Мария Ампару помолчала два раза.
– Я ужасно голодный, – сказал полицейский инспектор. – У нас разве есть дома еда?
Мария Ампару помолчала один раз.
– Тогда я еду, – сказал полицейский инспектор и повесил трубку.
Когда он приехал домой, на кухонном столе лежали джутовые квадратики. На одном было вышито: «Суп „Жулиана“ с овощами». На другом: «Бифштекс в сливочном соусе с грибами и яйцом».
Мария Ампару сидела в кресле и спешно вышивала на последнем квадратике: «Манговый мусс».

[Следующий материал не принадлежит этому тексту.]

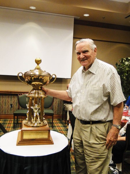 Larry Miggins hit 28 home runs for the 1951 Texas League champion Houston Buffs. Here he stands by the 1951 pennant trophy that was awarded to the Buffs, but was en route from Jo Russell to Mike McCroskey last night night for storage.

– Я так больше не могу! – полицейский инспектор стукнул кулаком по столу и смахнул на пол квадратик с супом «Жулиана». – Я ухожу! Насовсем!
– Ты разлил суп, – всхлипнула Мария Ампару и кинула в инспектора квадратиком с недовышитым манговым муссом.
* * *
– Вышивала, и вышивала, – сказал Витор Обадия, доедая третью порцию тушеной баранины, – и вышивала, и вышивала, и вышивала, и вышивала. И вышивала.
– Заткнись, инспектор, – прорычала кузина Мафалда. Два дня назад она бросила курить и была в отвратительном настроении. – Лучше съешь что-нибудь!
* * *
Мария Ампару взяла самые большие ножницы, которые у нее были, и стала резать свои ковры на мелкие кусочки. Вначале порезала весь вышитый ужин. Потом – записки, которые вышивала для полицейского инспектора. Потом взялась за длинную джутовую дорожку – четыре на два метра. Отрезала кусочек. Всхлипнула. Отшвырнула от себя ножницы, схватила иглу, нитки и принялась вышивать ковер «Полицейский инспектор Витор Обадия уходит от меня насовсем».
Доротея
Доротея даже в жару носила блузки с длинными рукавами.
По утрам она приходила на пляж, снимала юбку и сандалии, клала на песок крошечное оранжевое полотенце и садилась на него очень прямо, вытянув длинные золотистые ноги. Время от времени Доротея поднималась с полотенца, заходила в океан по щиколотку и стояла неподвижно, а какие-то крошечные полупрозрачные рыбки щекотно пощипывали ее за пятки.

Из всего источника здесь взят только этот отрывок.